Zellweger Syndrome : First Confirmed Neonatal Case in Korea.
- Author:
Sung Sin KIM
1
;
Yun Hwa AN
;
Yun Sil CHANG
;
Dong Kyu JIN
;
Won Soon PARK
;
Moon Hang LEE
;
Jong Won KIM
;
Hye Kyoung YOON
;
Bo Kyoung KIM
Author Information
1. Department of Pediatrics, College of Medicine, Sungkyunkwan University, Samsung Medical Center, Seoul, Korea.
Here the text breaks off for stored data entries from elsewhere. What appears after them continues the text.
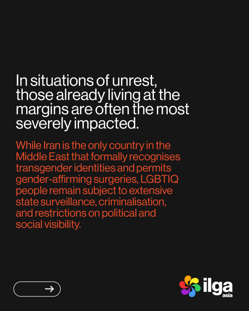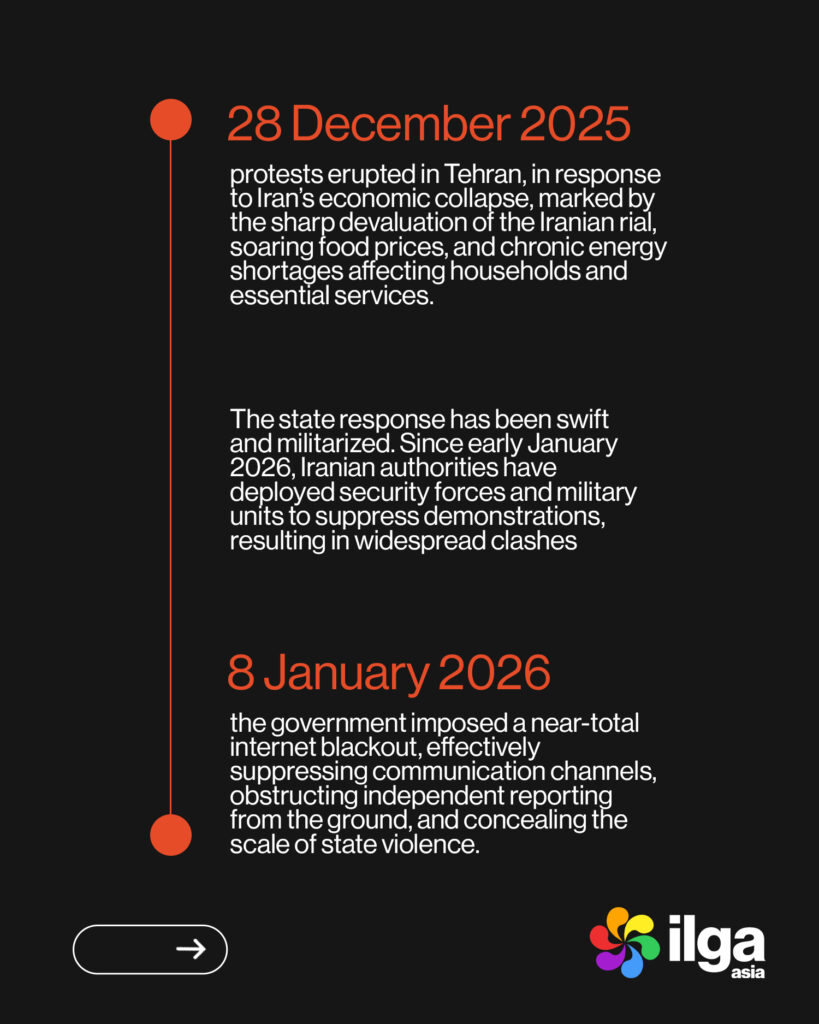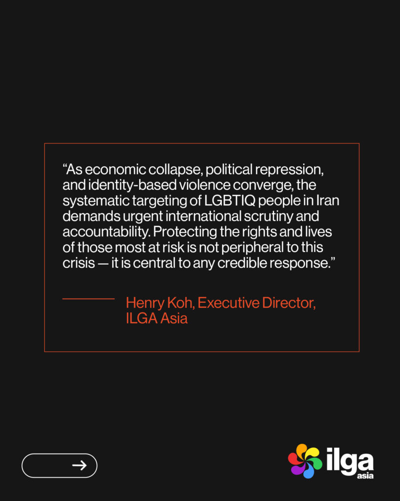 “As economic collapse, political repression, and identity-based violence converge, the systematic targeting of LGBTIQ people in Iran demands urgent international scrutiny and accountability. Protecting the rights and lives of those most at risk is not peripheral to this crisis — it is central to any credible response.” — Henry Koh, Executive Director, ILGA Asia
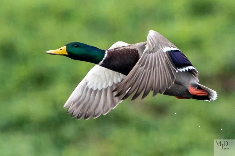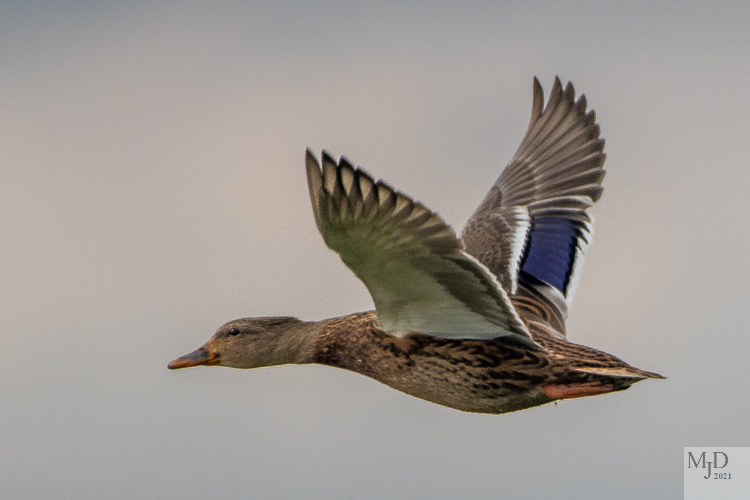 These are Mallards that flew close to us with the sun in a good position. The males are very distinctive but the females can be confused with other species, especially American Black Ducks. The blue speculum with white borders is the most visible mark to identify them.
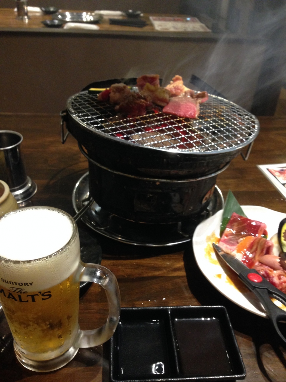心斎橋のアメリカ村のど真ん中にある一階が、ファミリーマート飲み二階にあります。来店したらにおい防止のために大きめのビニールをいただくことが出来ます。黒いエプロンもついていて、新鮮な対応です。炭火焼です。煙を上からすいとるので食べやすいです。食べ飲みが1人からいけるのでひとり焼肉にも最適
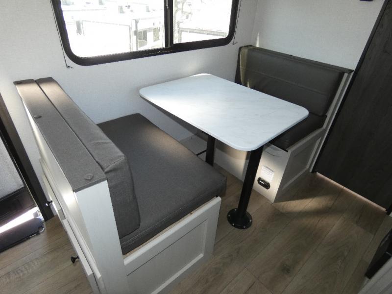 With any Northern Spirit Bijou travel trailer by Coachmen, you will find a solid built RV thanks to the Aluma cage construction and vacuum bonded laminated dual Azdel walls. There is also front rock guard and an insulated floor with seamless decking for added protection against the outdoor elements. An exterior dog leash and bottle opener is sure to come in handy, and the power awning with an LED light strip lets you enjoy outdoor time in comfort. Head inside to find night shades, LED lighting throughout, 12V USB outlets, and a Bluetooth speaker so you can keep the party going!
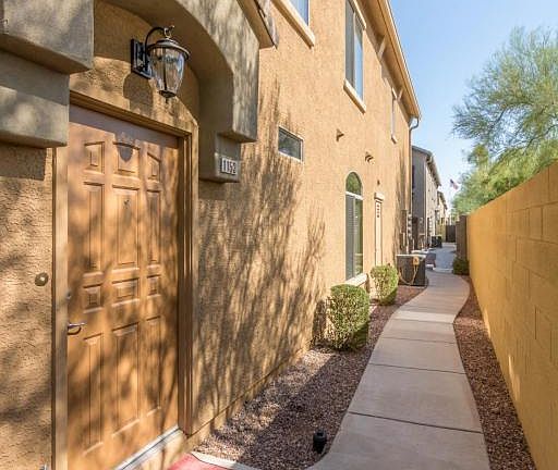 Fantastic Townhouse in the desirable Community of Tre Bellavia. Soothing palette, window blinds, New ceiling fans, beautiful upgraded tile floor, and plush carpet in all the right places. Stunning eat-in kitchen features granite counters, breakfast bar, pantry with NEW SS appliances, NEW Garage door opener, New bath faucets, Newer Water heater 2015, and wood cabinetry with stylish hardware. Interior laundry room. Fridge, Washer/Dryer Convey! Patio access from great room with lots of natural light throughout. Generous size bedrooms, ample closets.Enjoy the backyard with citrus and fig trees, covered paver patio with room for a garden! Meticulously kept community pool and lush green common areas! Close to Shopping, Dining, 101, & 51. Will NOT disappoint. HURRY! Turn Key ready for the movers!
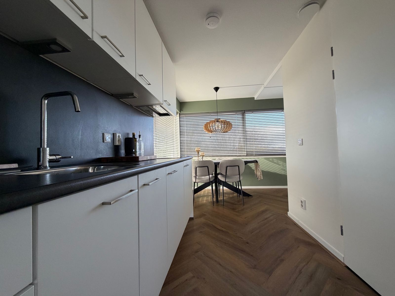 Bij binnenkomst stap je direct de keuken binnen, waar voldoende ruimte is voor het plaatsen van een eettafel. De keuken is voorzien van hedendaagse gemakken, zoals een inductiekookplaat, koelkast en afzuigkap. Tegenover de keuken bevindt zich de badkamer en in het verlengde van de keuken bereik je de woonkamer. Vanuit de woonkamer heb je toegang tot het balkon, wat zorgt voor een prettige buitenruimte. Daarnaast is er een praktische bergingskast aanwezig met aansluiting voor een wasmachine.
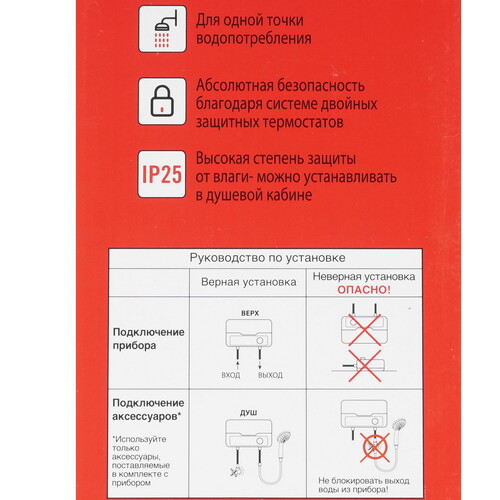 проточный, установка горизонтальная, 3.5 кВт, 55 °C, 28.9 см x 18.6 см x 10.9 см
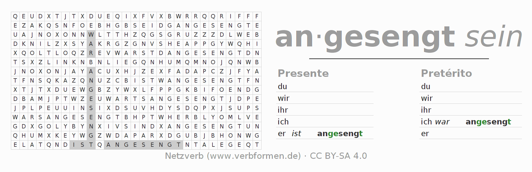 Caça-palavras para todas as formas do verbo ansengen
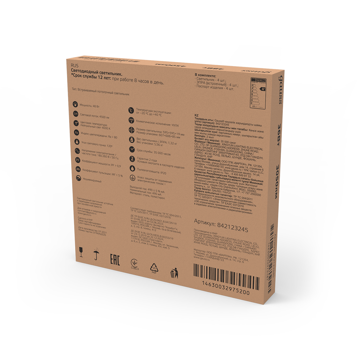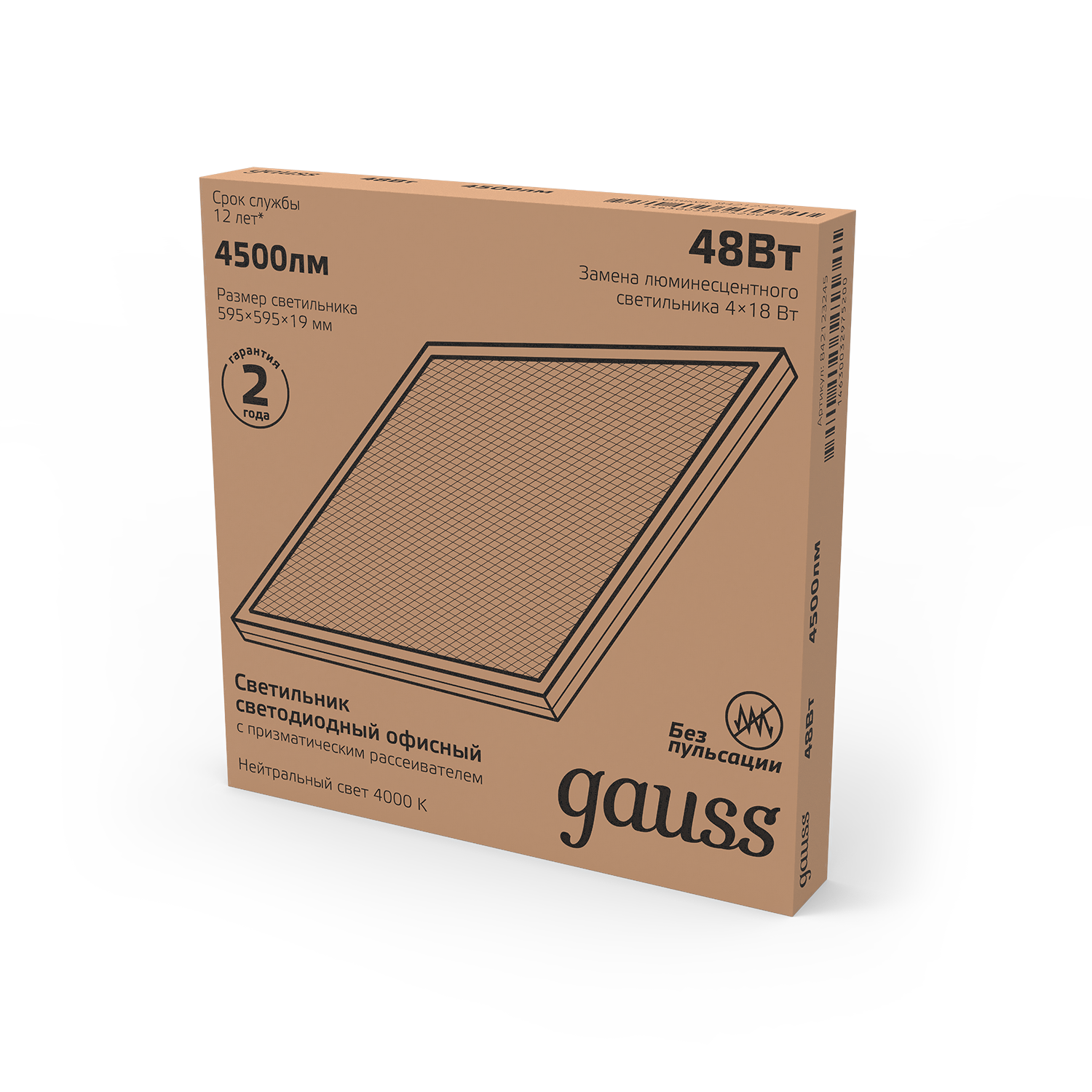 Панель светодиодная Gauss 48W 4500lm 4000K IP20 595x595x19мм призма LED / 842123245
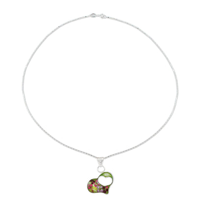Green Flowered Heart Double Heart Sterling Silver and Resin Pendant Necklace
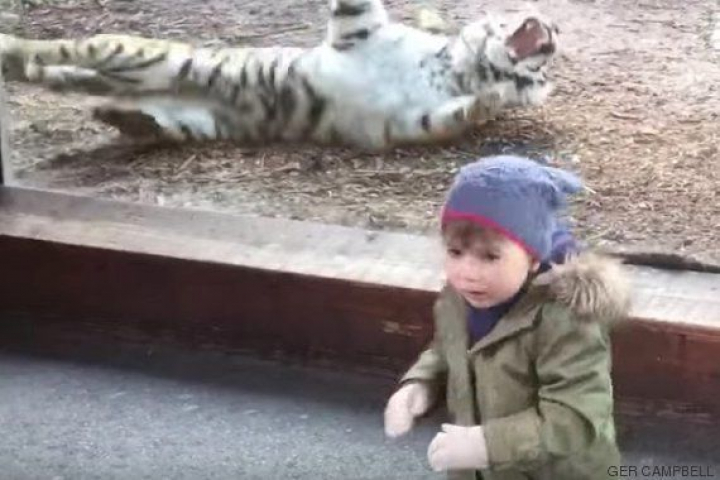 Es difícil decidir qué reacción es mejor: la del tigre al ser despertado o la del niño que estaba mirando y sale pitando al escuchar el rugido. Inevitable acordarse de aquel niño que escapaba corriendo al oír rugir a su abuelo.
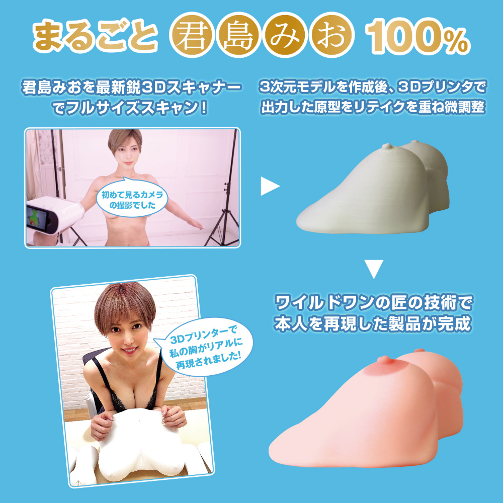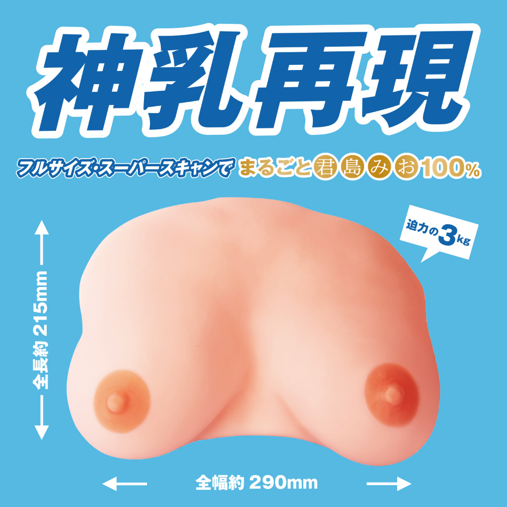 あの君島みおちゃんのスーパー美乳を鷲掴みできる!彼女のおっぱいをリアル採寸で3Dスキャンし、本人監修で揉み心地を極めた超リアルなオッパイです♪憧れの君島みおちゃんの美乳がフォルムやサイズ感、柔らかさ、肌の色合いに乳輪サイズまで、あらゆる部分を徹底的に忠実再現!君島みお完全プロデュースによるフル3Dスキャンでの本ナマ具現化♪一切の妥協をすることなく試作を重ねた成果、遂にここまでリアルな女神の現し身が完成しました!至高のオッパイは4層構造。手の平に吸い付くような素材感に乳首のコリコリ感、もみ心地やむにゅむにゅ感もリアルに再現されています♪AVとシンクロしての胸射プレイやパイズリをたっぷりとお楽しみください!
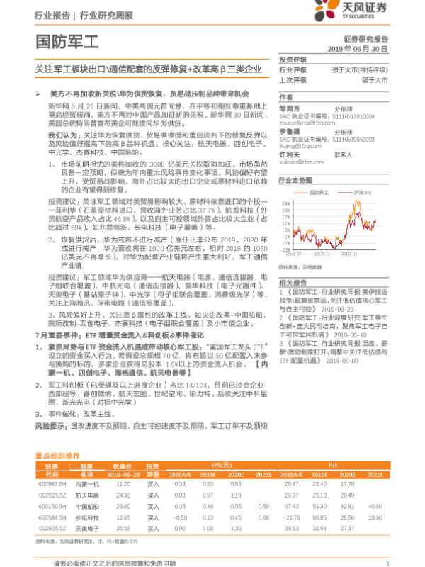 【天风证券】【20190630】国防军工行业研究周报:关注军工板块出口通信配套的反弹修复+改革高β三类企业-2页 行业研究
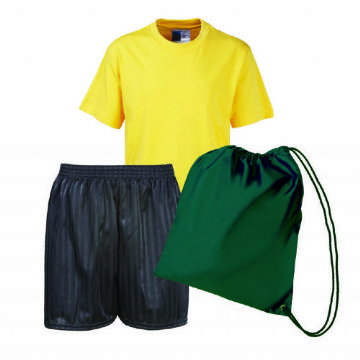 PE Kit comprises of Embroidered T-Shirt, 1 pair Shadow Stripe Shorts and an Embroidered Nylon Bag
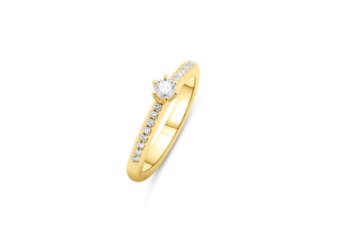 Solitair ring in 18 kt goud met briljant – verfijnde elegantie in een klassieke 6-griffenzetting Deze elegante solitair ring in 18 karaat goud belichaamt pure eenvoud en tijdloze klasse. In het midden schittert een briljant geslepen diamant, stevig en harmonieus gezet met 6 fijne griffen. Deze klassieke zetting omarmt de steen subtiel en laat het licht uit alle hoeken reflecteren, wat zorgt voor een prachtige schittering. Het ontwerp straalt een delicate balans uit tussen verfijning en stevigheid, met een smalle, elegante band die de centrale steen volledig laat spreken. Ideaal als verlovingsring of als bijzonder juweel dat een blijvende indruk nalaat. Een solitair zoals hij hoort te zijn – stijlvol, evenwichtig en voor altijd geliefd.
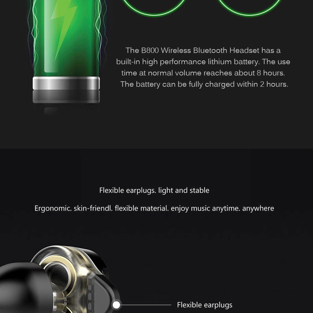 Bluetooth Earphones Wireless Headsets Sport Stereo Bass Bluetooth headphones with mic Estimated delivery 7 to 15 days / after payment is received in the United States. Enjoy High-quality Music Anywhere Ultra Clear Sound Quality with a Bass Stereo Sound Hi-Res audio Stereo Bass Headset Dual Drive with 4 Independence speakers. This is the best sounding Hi-fi stereo ear bugs I have ever had. It sounds like you are there in the room while they are recording. The sound comes from 4 independent speakers in 2 heads that will give you a lower distortion and higher quality sound if you ever have listened to a smooth-flowing then bass stereo sound effect. The earpiece is angled and with a silicone earpiece for a more comfortable fit. You will enjoy this bug set for years to come.
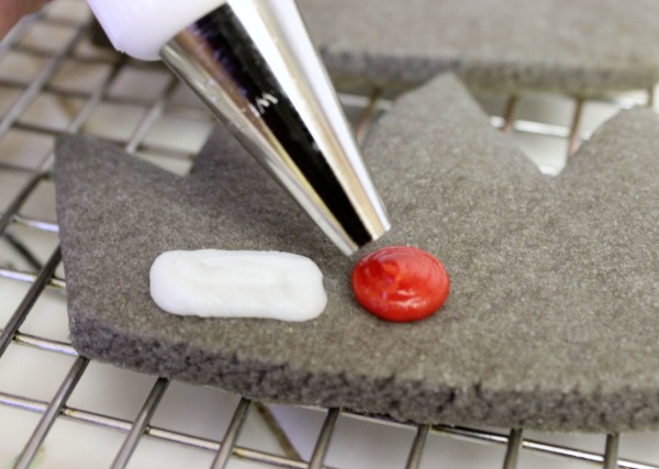 Use a #5 tip for both the white and red icings to create the button details on the hats. Add heart sprinkles, if desired.
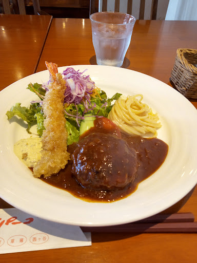 料理に関して星⭐3.5 ボーリング🎳を終えて、一人でお昼遅めのランチは何処にするか?と考えて14:30までランチタイムのスパーゴに行きました。お店の前にたっぷり12台分の駐車場🅿️があるのも理由の一つです。 ランチメニューの中から、ワンプレートに野菜サラダ・パスタ・海老フライ(1本)・デミグラスソースたっぷりのやや小ぶりのハンバーグが乗せてあるのを選びました。 シェフが1から作ってくれるハンバーグを席で待つことになります。ご飯は大盛(大盛無料),別に冷コーヒーとベイクドチーズケーキを付けました。合計1460円。 お昼過ぎ1時半に近い時間なのにお客さんは結構入っていました。幼いお子さま連れの若いママや小学生の姉弟を連れたお爺ちゃん、私の隣の席は大学生三人組がスマホをやりながら静かに料理を待っていました。スマホの無かった頃なら、大きな声で会話していたのでしょうね。 ハンバーグのデミグラスソースは、キメが細かく滑らかで,コクがある🎵もちろんハンバーグはスパーゴの看板料理だけあって美味しかったです。 昔、時々娘と食べに行った七間町のスパーゴのハンバーグを思い出しました。娘はいつも煮込みハンバーグでした。 食後スマホで、スパーゴのハンバーグを食べたことを他県で一児の母になっている娘にメールしました。
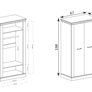 Dwudrzwiowa szafa z kolekcji Antica. Idealna do dobrej organizacji twoich ubrań i różnych akcesoriów. Szafa posiada dwie pojemne półki, które pomieszczą wiele rzeczy, które nie wymagają powieszenia. Drążek w szafie pozwala nam zagospodarować przestrzeń szafy oraz udoskonala rozmieszczenie twoich rzeczy. Mebel pasuje do każdego typu pomieszczeń, wprowadzi ciepłą atmosferę, a metalowe uchwyty podkreślą jego charakter. Cichy domyk w drzwiach uwydatnia delikatność szafy. Dostępna w kolorze Kraft zloty
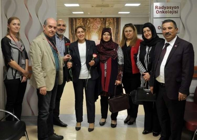 Milliyetçi Hareket Partisi (MHP) İskenderun İlçe Teşkilatı Kadın Kolları Başkanı Fatma Kaya ve yönetim kurulu üyeleri, 1-7 Nisan Kanser Haftası dolayısıyla İskenderun Gelişim Hastanesi Başhekimi Dr. Ömer Suha Caymaz’ı ve Onkoloji Merkezi’nde tedavi gören hastaları ziyaret etti.
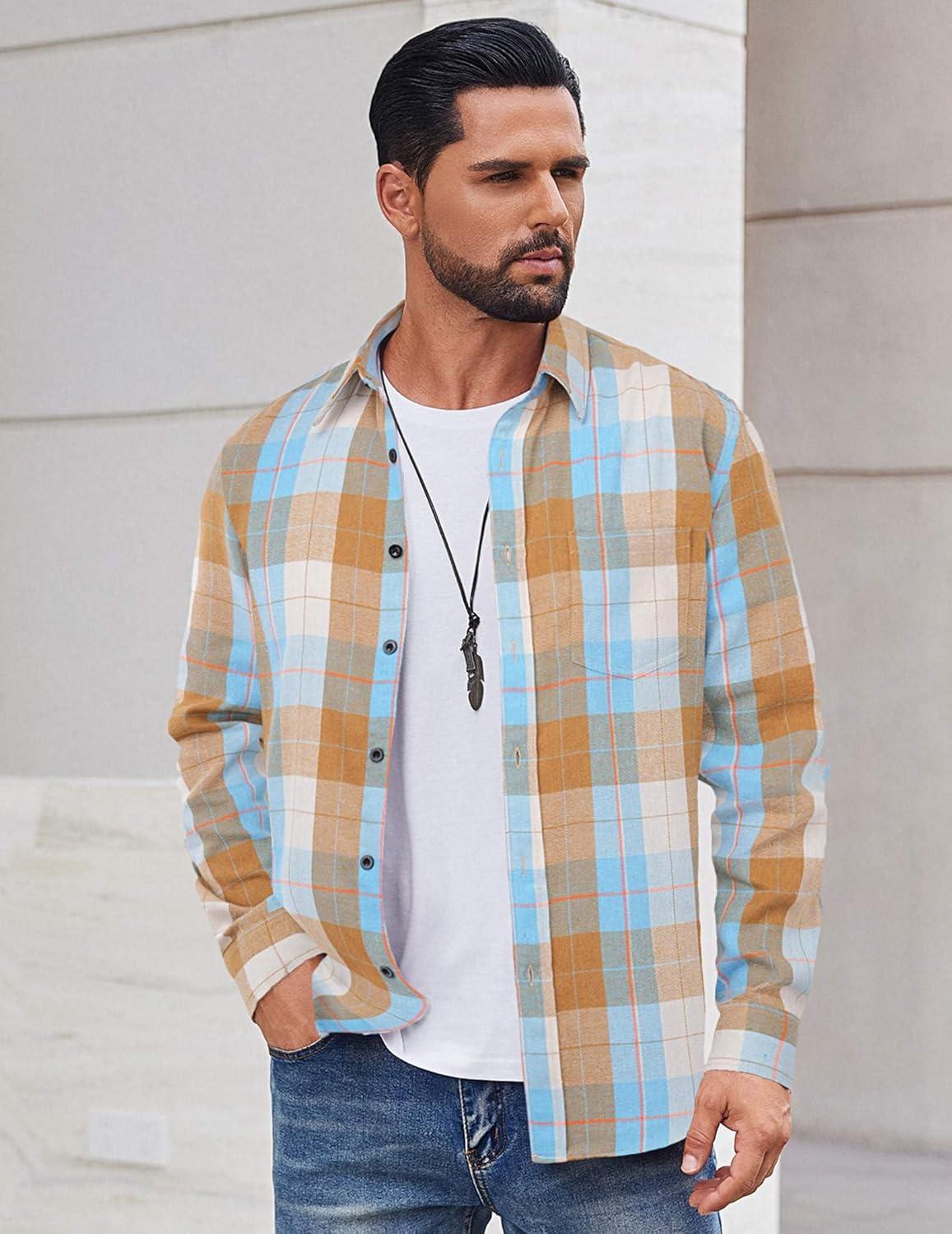 COOFANDY Mens Flannel Shirts Long Sleeve Casual Plaid Shirt for Men Button Up Shirt Jackets with Pocket(Plaid - Khaki Blue)

- Publication Type:Case Report
- Keywords:
Zellweger syndrome;
Neonate;
Enzyme assay;
Fibroblasts;
Cell culture
- MeSH:
Cell Culture Techniques;
Diagnosis;
Diagnosis, Differential;
Enzyme Assays;
Fatty Acids;
Fibroblasts;
Genetic Counseling;
Hepatomegaly;
Humans;
Infant, Newborn;
Korea*;
Muscle Hypotonia;
Peroxisomal Disorders;
Peroxisomes;
Plasma;
Skin;
Wills;
Zellweger Syndrome*
- From:Journal of the Korean Pediatric Society
2001;44(6):694-698
- CountryRepublic of Korea
- Language:Korean
-
Abstract:
We describe below a case of Zellweger syndrome case with facial dysmorphism, profound hypotonia, and hepatomegaly. He died at the age of 2 months. Zellweger syndrome is a disease marked by the absence of hepatic and renal peroxisomes. Because peroxisomes have many vital anabolic and catabolic functions within the cell, their absence results in profound cellular dysfunction. A biochemical study of plasma revealed elevation of very long chains of fatty acids and pipecolic acid, consistent with peroxisomal disorder. The cultured skin fibroblasts showed a marked decrease in plasmalogen synthesis enzyme : dihydroxyacetonephosphate acyl transferase(DHAP-AT) The clinical characteristics and biochemical findings led to the diagnosis of Zellweger syndrome. The pattern of inheritance is autosomal recessive, hence genetic counseling can help the families. In infantile hypotonia patients with unknown cause, peroxisomal disorder should be included in the differential diagnosis. We report the first confirmed case of Zellweger syndrome by enzyme assay in Korea.